Justice Breyer says that upholding the statute wouldn't invite a wave of censorship in traditional media, due to the fact that "a typical video game involves a significant amount of physical activity." I don't believe that this law only applies to Wii games. I can see the future pop-up book legislation now, but thankfully those less physically demanding books are safe. And interactivity can't force a different result (first they came for the choose your own adventure books, and I was not a choose your own adventure book so I did nothing . . . ).
The compelling interest section of Justice Breyer's argument then focuses on video games as a teaching tool and increased aggression in violent video game players.
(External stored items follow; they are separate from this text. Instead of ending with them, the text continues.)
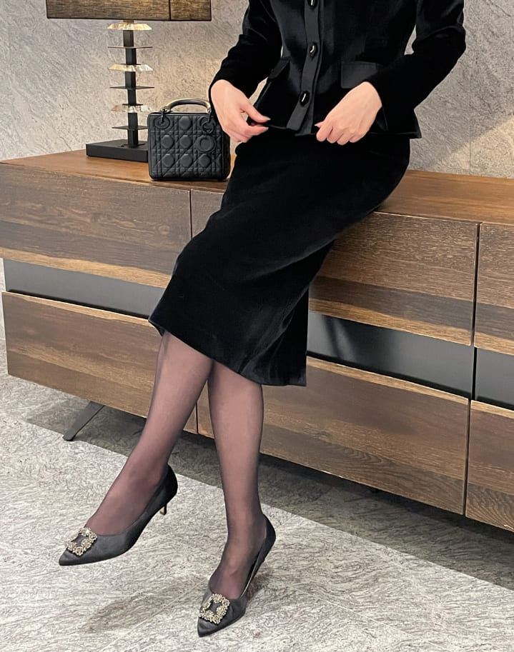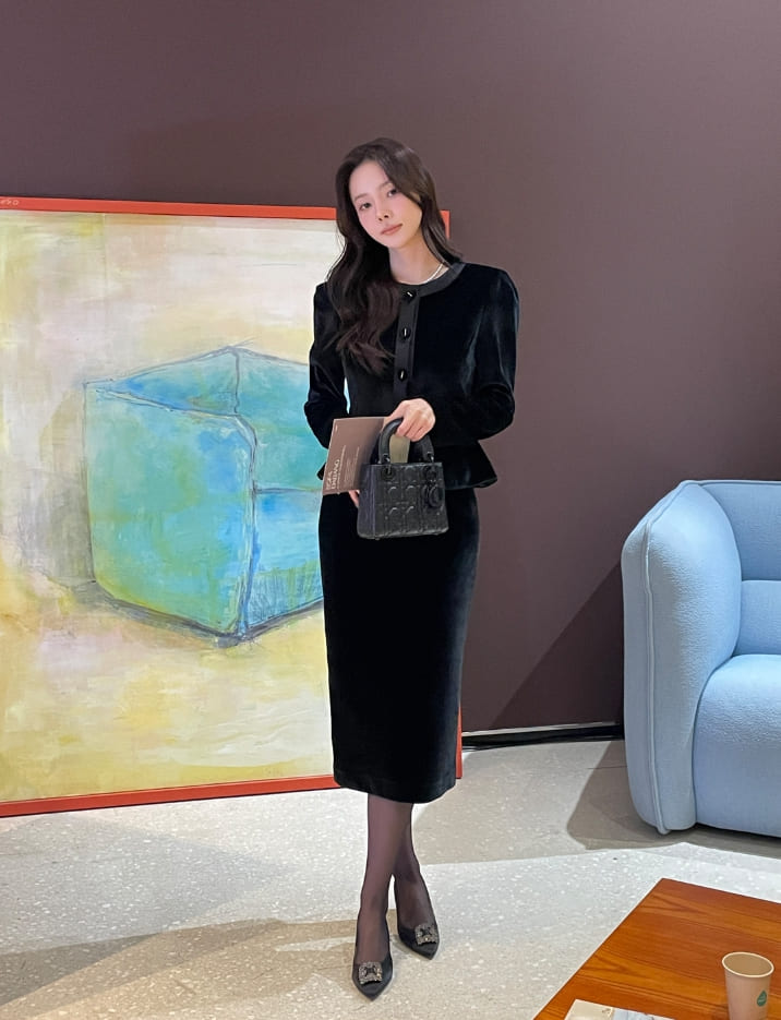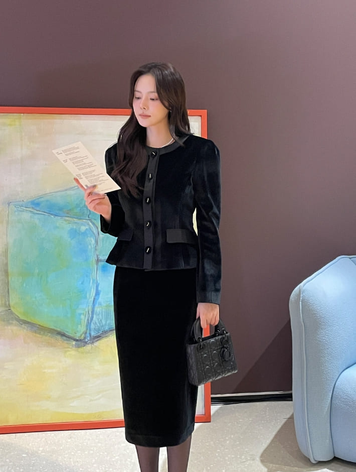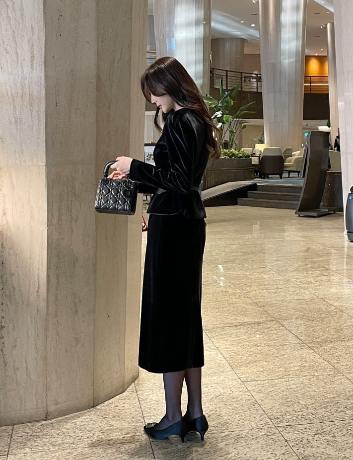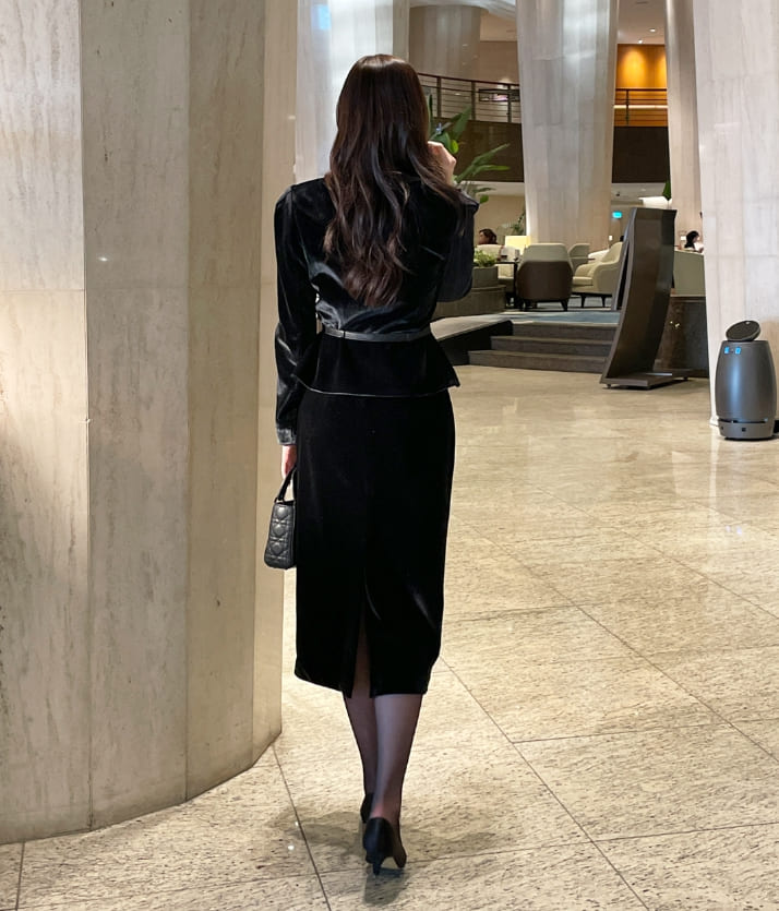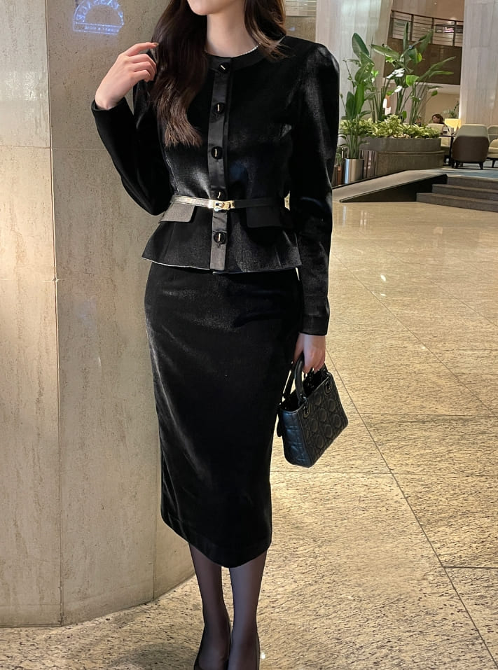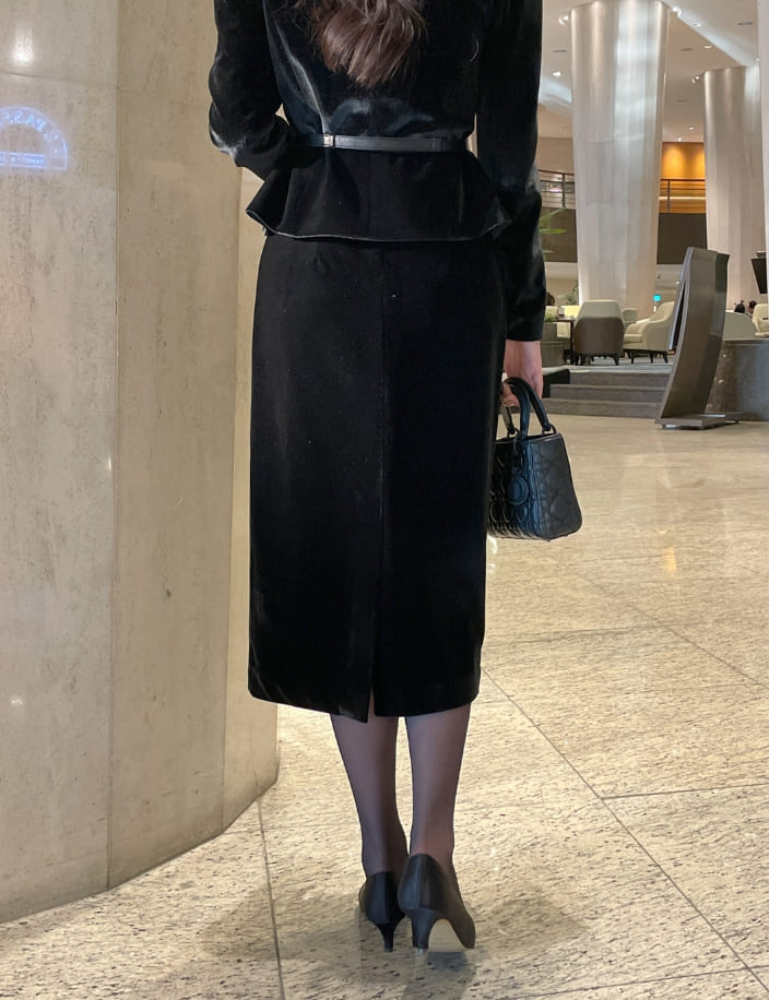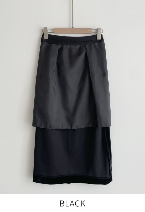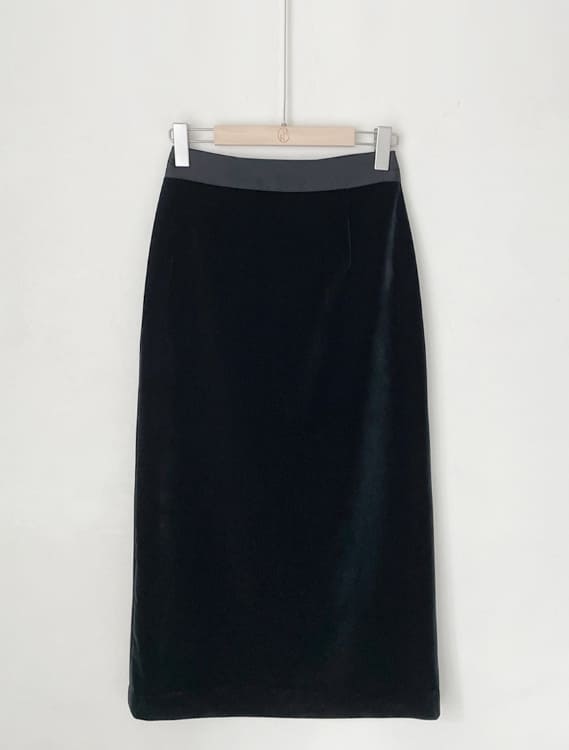 Naiz Satin Color Matching Span Velvet Long Skirt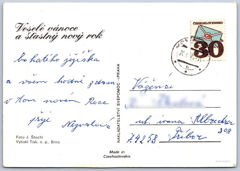 Christmas and New Year wishes Pokud chcete vidět pohlednice ve vyšším rozlišení nebo zobrazovat jejich zadní stranu, tak se prosím nejdříve přihlašte Log in Register Veselé vánoce a štastný nový rokMade in Czechoslovakia Language of printed text on postcard: Czech Publisher: Nakladatelství Svépomoc, Praha (Czechoslovakia) Estimated issue date of postcard: 1967 - 1970 Help us specify date of postcard publishing Postcard size (w x h) and shape: 147 x 103 mm (5.79" x 4.06"), rectangle Persons connected with this postcard: Josef Štochl(Photo author) Used postcard:Stamp date: 20.12.1970 Prices: Paid stamps: 0,30 Kčs (CSK) DiscussionAdd post Add new folder ... Manage folders ...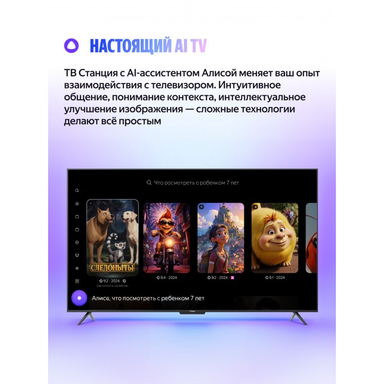 | Название | Умный QLED-телевизор YNDX-00093 "Яндекс ТВ Станция" с Алисой на YandexGPT, 43", UHD 4K (3840х2160), чёрный цвет |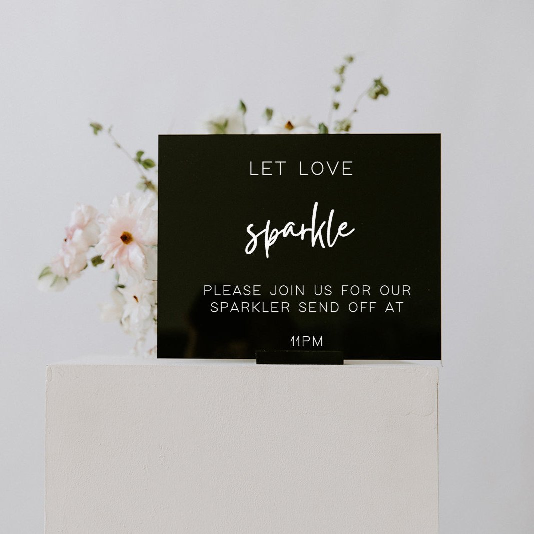 Crafted with great attention to detail and made from premium quality materials, our acrylic sparkler send off sign boasts a timeless design that effortlessly complements any event's theme. It's lightweight construction allows for effortless installation and portability, making it easy to move and display throughout your venue.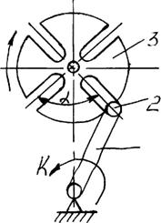 При непрерывном вращении кривошипа 1 палец 2 периодически входит в пазы мальтийского диска 3 и поворачивает его на угол α.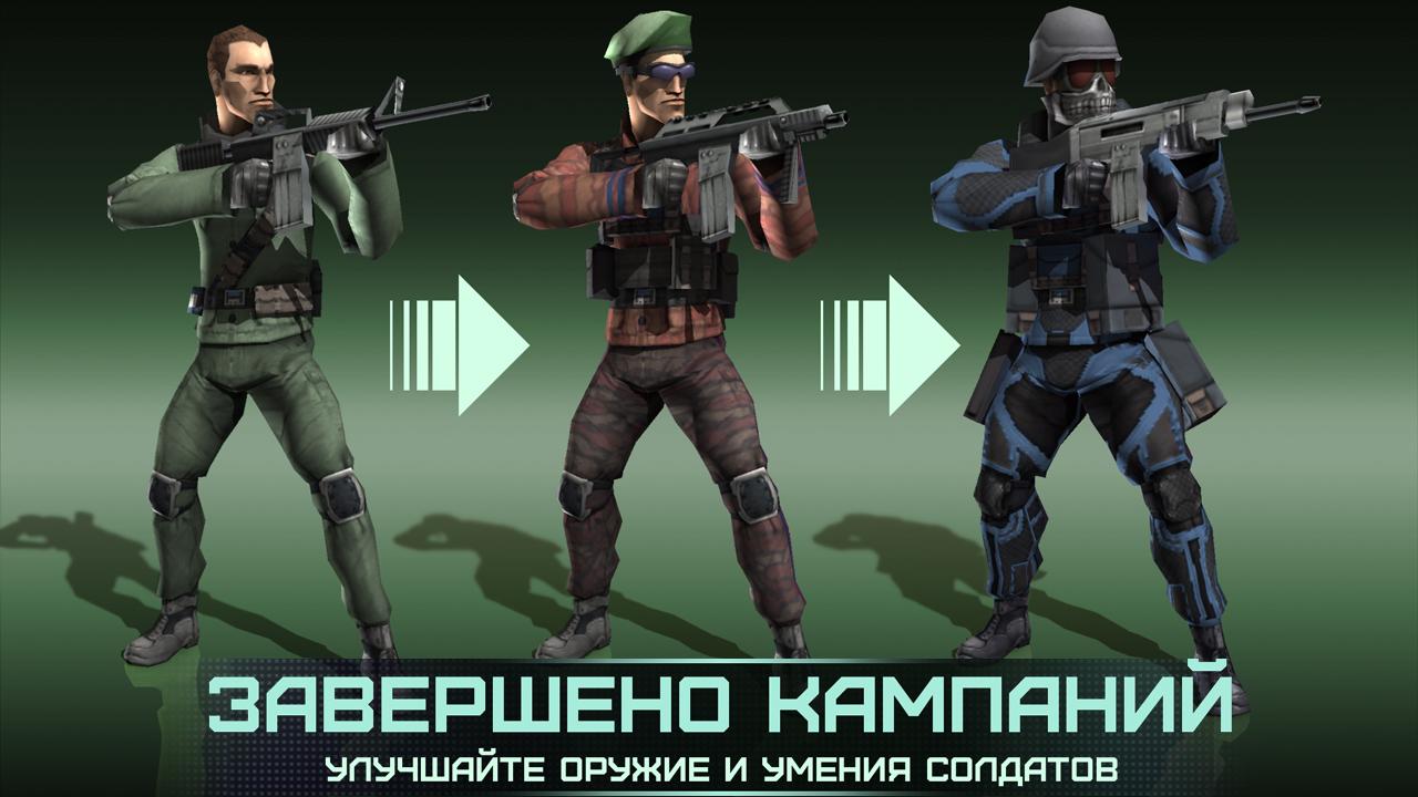 - Открывайте новых солдат с улучшенным оружием и умениями, чтобы повысить боевой рейтинг команды.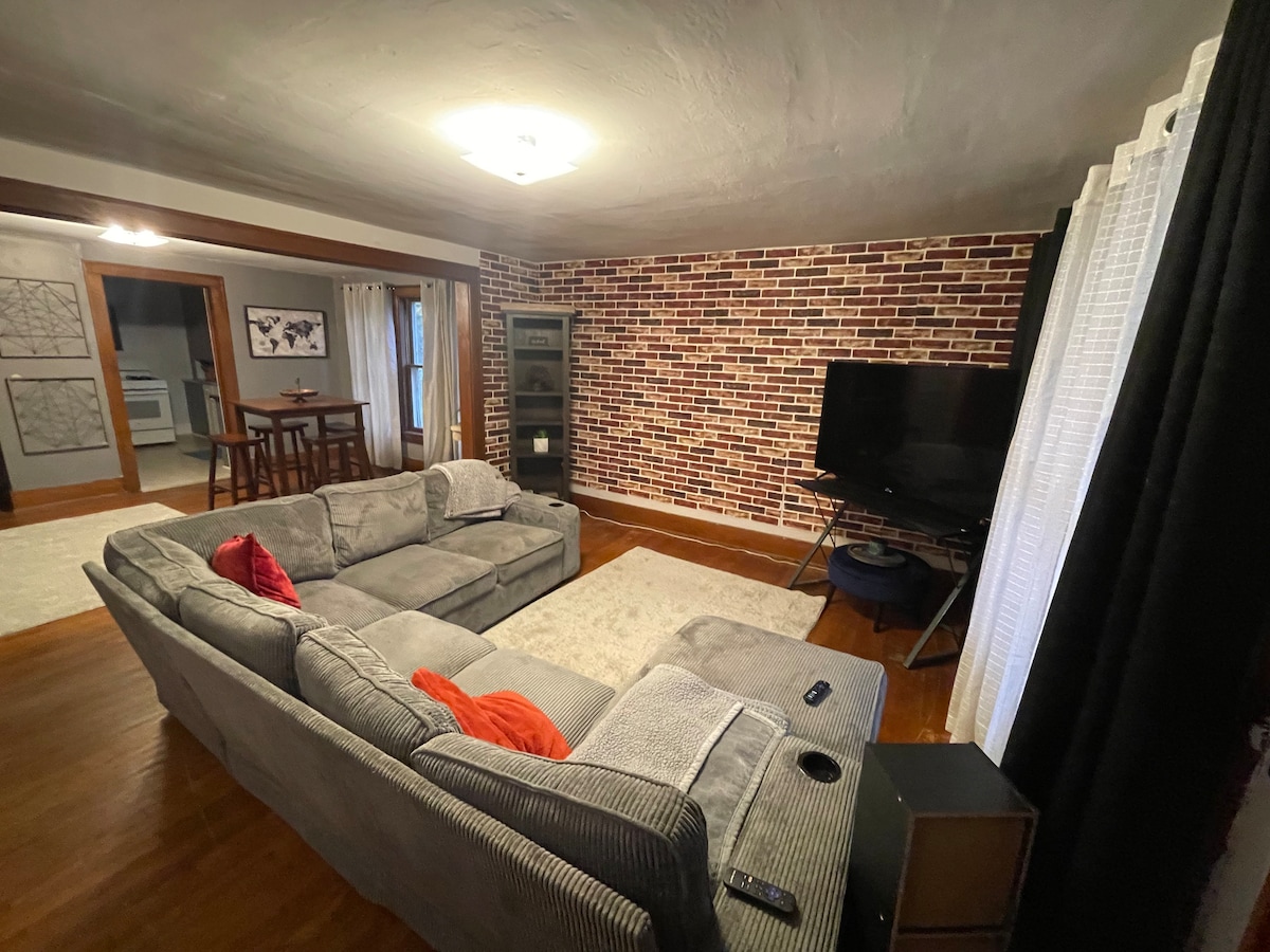 Charmante maison de 2 chambres/1 salle de bain qui a été entièrement rénovée. Cuisine neuve, appareils électroménagers, sols, meubles, et plus encore! La maison dispose d'une cuisine-séjour ouverte, de grandes chambres, d'une immense terrasse avec table à manger et de sièges supplémentaires. Il y a un lit simple pliant supplémentaire si nécessaire dans le placard MBR. Barbecue au gaz. Cour arrière de près de 1/2 acre. Les animaux de compagnie qui se comportent bien sont les bienvenus, tout comme les enfants.
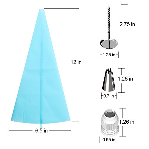 - Decorating Patterns: 11 open star tips, 7 closed star tips, 3 french tips, 3 round tips, 2 plain tips, 4 leaf tips, 3 rose petal tips, 3 special tips. 0.7 inch in diameter, 1.26 inch tall. Two 12' reusable silicone pastry bags are support different color icing while decorating cakes or cupcakes.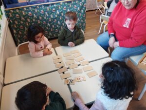 Jeu de Memory : pour beaucoup d’enfants, c’est la première fois qu’ils y jouent. Observer finement les détails des cartes de petits rois et reines. Mémoriser les positions des cartes déjà retournées. Pas évident la première fois.

I never thought that Jack Thompson and Justice Breyer would be nodding in agreement, but here we are. I used to work in the field of educational video games, and I will tackle the "video games as murder trainers" argument in another post. The research for video game violence is not a slam dunk; there are a large number of ways to reduce the aggression of minors, etc. Any discussion of this topic needs to take two things into account: the enterprise of banning minors from buying 18+ games will require ID checks and other costs that retailers may choose to avoid by declining to carry any 18+ titles; and the rating of video games is notoriously subjective (for those of you who are interested in game rating procedures, I point you to the Hot Coffee Mod and the less famous Elder Scrolls Skin stories).
To sum up: Justice Breyer in HLP strongly implies that nothing or almost nothing survives Strict Scrutiny in the Speech context, but then he goes on to apply SS and uphold a (in this writer's ever so humble opinion) really crappy statute. Where have you gone Justice Breyer, the nation turns its lonely eyes to you, whoo whoo whoo.
NOTE: I do acknowledge that Justice Breyer wrote in dissent in U.S. v. Playboy, and there he voted to uphold pornography zoning on cable television. However, that case was a much tougher call (5-4; in fact, I would wager that the dissent in that case started off as a majority opinion) and had the (usually) winning combination of sex and kids. Here, there was only kids and a finding of possible harm. You subtract the sex and you lose Justice Scalia's vote (a dissenter in Playboy). And when that possible harm is exposure to violence, a favorite flavor of almost all Western Literature, you aren't going to carry much of the court.
(Andrew Moshirnia is a recent graduate of Harvard Law School. He won't mention the fact that he loves apophasis.)